• _Provided material_:

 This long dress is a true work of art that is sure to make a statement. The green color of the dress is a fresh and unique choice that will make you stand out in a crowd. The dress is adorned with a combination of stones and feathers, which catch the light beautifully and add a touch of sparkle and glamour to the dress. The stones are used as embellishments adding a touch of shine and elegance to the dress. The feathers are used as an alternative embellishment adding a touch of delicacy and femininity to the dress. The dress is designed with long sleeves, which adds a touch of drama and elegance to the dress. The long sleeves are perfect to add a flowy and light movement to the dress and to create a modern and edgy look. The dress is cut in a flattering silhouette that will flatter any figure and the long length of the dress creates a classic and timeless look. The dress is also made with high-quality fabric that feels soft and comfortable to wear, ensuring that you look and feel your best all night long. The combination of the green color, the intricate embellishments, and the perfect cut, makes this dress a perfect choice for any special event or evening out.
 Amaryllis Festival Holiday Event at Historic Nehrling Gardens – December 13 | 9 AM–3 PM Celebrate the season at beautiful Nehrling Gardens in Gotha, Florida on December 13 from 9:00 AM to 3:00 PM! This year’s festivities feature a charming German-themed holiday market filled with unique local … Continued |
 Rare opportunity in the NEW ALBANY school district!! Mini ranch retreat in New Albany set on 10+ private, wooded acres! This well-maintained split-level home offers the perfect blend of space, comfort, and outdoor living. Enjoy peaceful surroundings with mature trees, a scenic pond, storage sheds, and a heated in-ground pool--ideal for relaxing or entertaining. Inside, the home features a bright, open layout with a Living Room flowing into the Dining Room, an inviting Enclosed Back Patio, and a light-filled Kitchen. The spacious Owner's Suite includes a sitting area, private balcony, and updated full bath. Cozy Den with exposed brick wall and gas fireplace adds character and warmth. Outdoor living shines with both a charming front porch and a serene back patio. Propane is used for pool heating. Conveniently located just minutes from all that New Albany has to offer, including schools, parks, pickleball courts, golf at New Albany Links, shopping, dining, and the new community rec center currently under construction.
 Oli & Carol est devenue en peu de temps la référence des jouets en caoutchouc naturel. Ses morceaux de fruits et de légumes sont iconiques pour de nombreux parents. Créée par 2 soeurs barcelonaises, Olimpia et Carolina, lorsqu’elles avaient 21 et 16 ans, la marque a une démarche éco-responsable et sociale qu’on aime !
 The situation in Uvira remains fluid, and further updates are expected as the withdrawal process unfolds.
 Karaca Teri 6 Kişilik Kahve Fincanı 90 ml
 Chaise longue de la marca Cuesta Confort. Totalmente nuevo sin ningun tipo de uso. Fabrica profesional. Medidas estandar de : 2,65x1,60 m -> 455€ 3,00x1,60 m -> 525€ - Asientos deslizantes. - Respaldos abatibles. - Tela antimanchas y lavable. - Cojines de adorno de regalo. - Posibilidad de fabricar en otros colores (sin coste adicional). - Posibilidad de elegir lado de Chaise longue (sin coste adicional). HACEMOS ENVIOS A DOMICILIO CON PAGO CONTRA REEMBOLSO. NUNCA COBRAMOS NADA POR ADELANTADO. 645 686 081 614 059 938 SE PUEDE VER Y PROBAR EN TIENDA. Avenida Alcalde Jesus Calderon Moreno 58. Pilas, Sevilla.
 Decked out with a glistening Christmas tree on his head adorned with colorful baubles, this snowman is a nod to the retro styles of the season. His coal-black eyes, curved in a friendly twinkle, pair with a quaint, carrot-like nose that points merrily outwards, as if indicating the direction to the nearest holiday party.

• _Task to complete_: All of the listing above should be restated word for word.

• _Solved problem_:
 This long dress is a true work of art that is sure to make a statement. The green color of the dress is a fresh and unique choice that will make you stand out in a crowd. The dress is adorned with a combination of stones and feathers, which catch the light beautifully and add a touch of sparkle and glamour to the dress. The stones are used as embellishments adding a touch of shine and elegance to the dress. The feathers are used as an alternative embellishment adding a touch of delicacy and femininity to the dress. The dress is designed with long sleeves, which adds a touch of drama and elegance to the dress. The long sleeves are perfect to add a flowy and light movement to the dress and to create a modern and edgy look. The dress is cut in a flattering silhouette that will flatter any figure and the long length of the dress creates a classic and timeless look. The dress is also made with high-quality fabric that feels soft and comfortable to wear, ensuring that you look and feel your best all night long. The combination of the green color, the intricate embellishments, and the perfect cut, makes this dress a perfect choice for any special event or evening out.
 Amaryllis Festival Holiday Event at Historic Nehrling Gardens – December 13 | 9 AM–3 PM Celebrate the season at beautiful Nehrling Gardens in Gotha, Florida on December 13 from 9:00 AM to 3:00 PM! This year’s festivities feature a charming German-themed holiday market filled with unique local … Continued |
 Rare opportunity in the NEW ALBANY school district!! Mini ranch retreat in New Albany set on 10+ private, wooded acres! This well-maintained split-level home offers the perfect blend of space, comfort, and outdoor living. Enjoy peaceful surroundings with mature trees, a scenic pond, storage sheds, and a heated in-ground pool--ideal for relaxing or entertaining. Inside, the home features a bright, open layout with a Living Room flowing into the Dining Room, an inviting Enclosed Back Patio, and a light-filled Kitchen. The spacious Owner's Suite includes a sitting area, private balcony, and updated full bath. Cozy Den with exposed brick wall and gas fireplace adds character and warmth. Outdoor living shines with both a charming front porch and a serene back patio. Propane is used for pool heating. Conveniently located just minutes from all that New Albany has to offer, including schools, parks, pickleball courts, golf at New Albany Links, shopping, dining, and the new community rec center currently under construction.
 Oli & Carol est devenue en peu de temps la référence des jouets en caoutchouc naturel. Ses morceaux de fruits et de légumes sont iconiques pour de nombreux parents. Créée par 2 soeurs barcelonaises, Olimpia et Carolina, lorsqu’elles avaient 21 et 16 ans, la marque a une démarche éco-responsable et sociale qu’on aime !
 The situation in Uvira remains fluid, and further updates are expected as the withdrawal process unfolds.
 Karaca Teri 6 Kişilik Kahve Fincanı 90 ml
 Chaise longue de la marca Cuesta Confort. Totalmente nuevo sin ningun tipo de uso. Fabrica profesional. Medidas estandar de : 2,65x1,60 m -> 455€ 3,00x1,60 m -> 525€ - Asientos deslizantes. - Respaldos abatibles. - Tela antimanchas y lavable. - Cojines de adorno de regalo. - Posibilidad de fabricar en otros colores (sin coste adicional). - Posibilidad de elegir lado de Chaise longue (sin coste adicional). HACEMOS ENVIOS A DOMICILIO CON PAGO CONTRA REEMBOLSO. NUNCA COBRAMOS NADA POR ADELANTADO. 645 686 081 614 059 938 SE PUEDE VER Y PROBAR EN TIENDA. Avenida Alcalde Jesus Calderon Moreno 58. Pilas, Sevilla.
 Decked out with a glistening Christmas tree on his head adorned with colorful baubles, this snowman is a nod to the retro styles of the season. His coal-black eyes, curved in a friendly twinkle, pair with a quaint, carrot-like nose that points merrily outwards, as if indicating the direction to the nearest holiday party.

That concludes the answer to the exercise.